I am writing now to provide an update on the four key areas of work to strengthen the plan. We hope this will foster your trust in the system and provide a strong basis for you and your patients to participate in the scheme with confidence.
Most importantly, I can confirm today that, while we are continuing to work on the infrastructure, and communication for the project, we are not setting a specific start date for the collection of data. Instead, we commit to start uploading data only when we have the following in place:
● the ability to delete data if patients choose to opt-out of sharing their GP data with NHS Digital, even if this is after their data has been uploaded;
● the backlog of opt-outs has been fully cleared;
● a Trusted Research Environment has been developed and implemented in NHS Digital;
● patients have been made more aware of the scheme through a campaign of engagement and communication.
In this letter each of these adjustments are set out, all of which are critical to the success and impact of the programme, including through better understanding of the huge benefits the programme will have to the NHS and to our ability to provide the best and safest possible care for patients.
Opt-outs
We want to make the position around opt-out much simpler. While 1st September has been seen by some as a cut-off date for opt-out, after which data extraction would begin, I want to reassure you that this will not be the case and data extraction will not commence until we have met the tests.
We are introducing three changes to the opt-out system which mean that patients will be able to change their opt-out status at any time:
- Patients do not need to register a Type 1 opt-out by 1st September to ensure their GP data will not be uploaded;
- NHS Digital will create the technical means to allow GP data that has previously been uploaded to the system via the GPDPR collection to be deleted when someone registers a Type 1 opt-out;
- The plan to retire Type 1 opt-outs will be deferred for at least 12 months while we get the new arrangements up and running, and will not be implemented without consultation with the RCGP, the BMA and the National Data Guardian.
Together, these changes mean that patients can have confidence that they will have the ability to opt-in or opt-out of the system, and that the dataset will always reflect their current preference. And we will ensure it is easy for them to exercise the choice to optout.
Administrative workload
We have heard from many GPs and practices that there is concern about the administrative burden that Type 1 opt-outs have placed on you and your teams. We are in the process of working with colleagues across general practice to develop a way of simplifying and centralising the opt-out process in order to remove this burden on practices. This is still in development, but we will share further information with you in the coming weeks.
In the meantime, given the changes we have agreed to the opt-outs there is now no urgency to process Type 1 opt-outs specifically for GPDPR in order to get people opted out before September. We will keep you updated on timelines for when we expect the programme to go live.
We will also ensure that the NHS Digital Data Protection Impact Assessment (DPIA) reflecting these changes to the programme is published well before data collection commences. A template DPIA for practice use will also be made available in good time to allow practices to complete it.

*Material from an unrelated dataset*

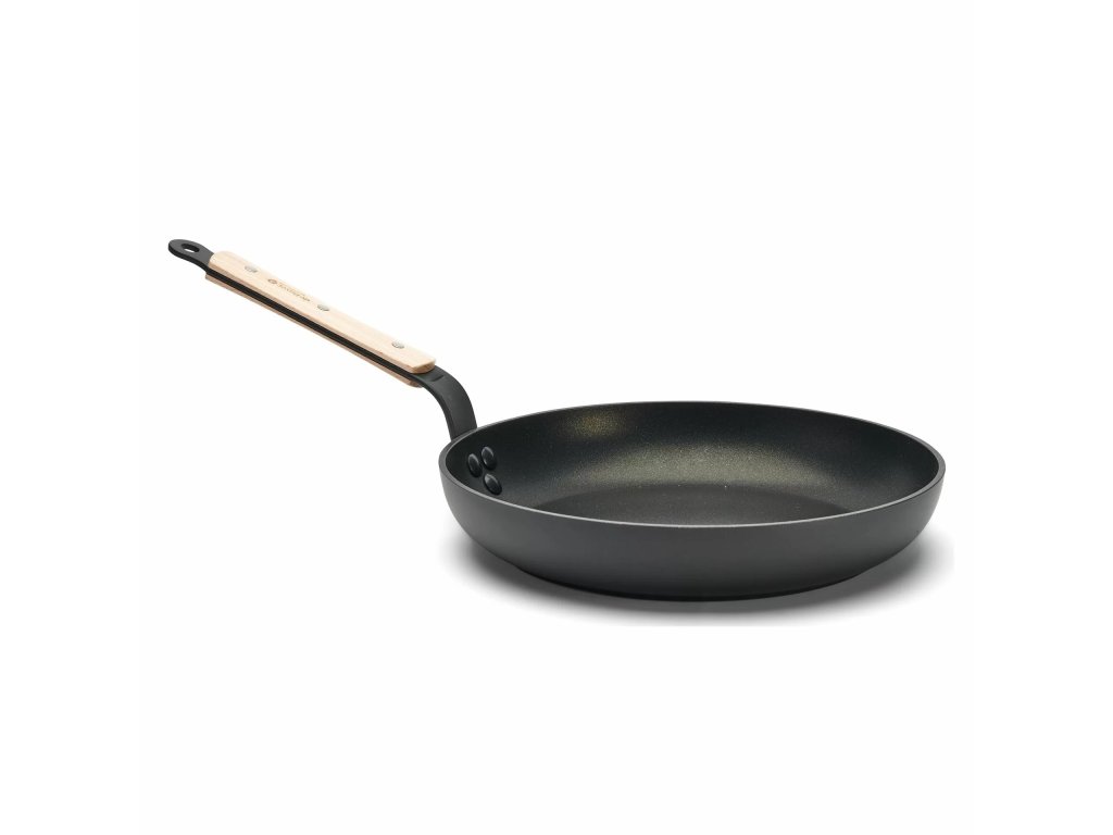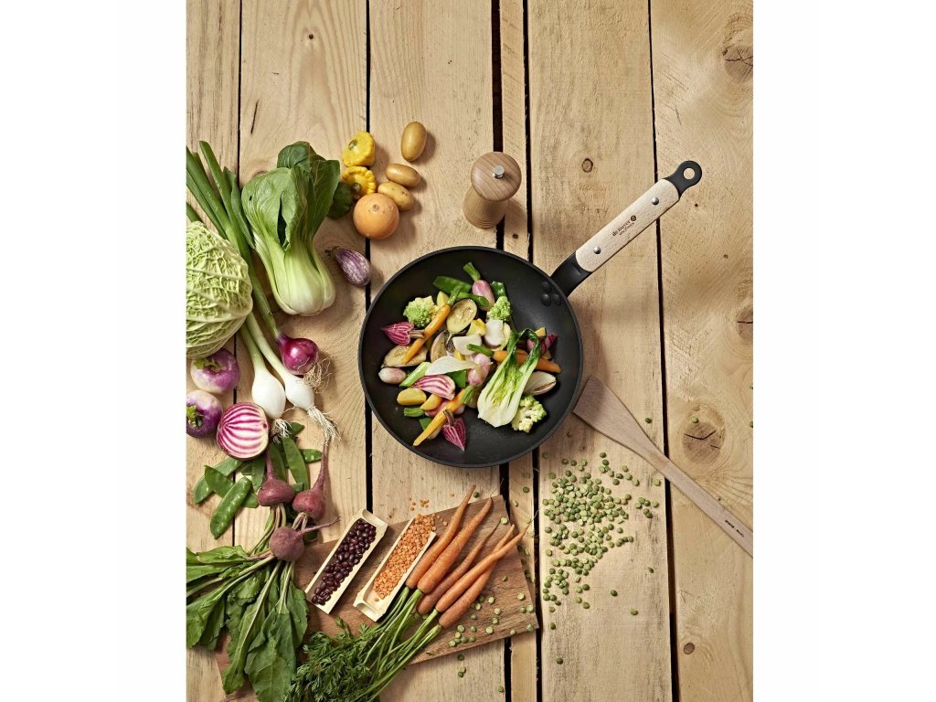 Nepřilnavá pánev kombinuje kovaný hliník s nepřilnavým povrchem a designovou rukojetí z bukového dřeva ošetřeného včelím voskem. Perfektní pro šetrné vaření pro rodinu a plně kompatibilní se všemi typy sporáků včetně indukce.

Data Security and Governance
The Government has committed that access to GP data will only be via a Trusted Research Environment (TRE) and never copied or shipped outside the NHS secure environment, except where individuals have consented to their data being accessed e.g. written consent for a research study. This is intended to give both GPs and patients a very high degree of confidence that their data will be safe and their privacy protected.
The TRE will be built in line with best practice developed in projects, such as OpenSAFELY and the Office for National Statistics’ Secure Research Service.
We are also committed to adopting a transparent approach, including publishing who has run what query and used which bit of data. We are developing a TRE which will meet our specific needs and act as “best in class”.
We commit to only begin the data collection once the TRE is in place. Further, we will ensure that the BMA, RCGP and the National Data Guardian have oversight of the proposed arrangements and are satisfied with them before data upload begins.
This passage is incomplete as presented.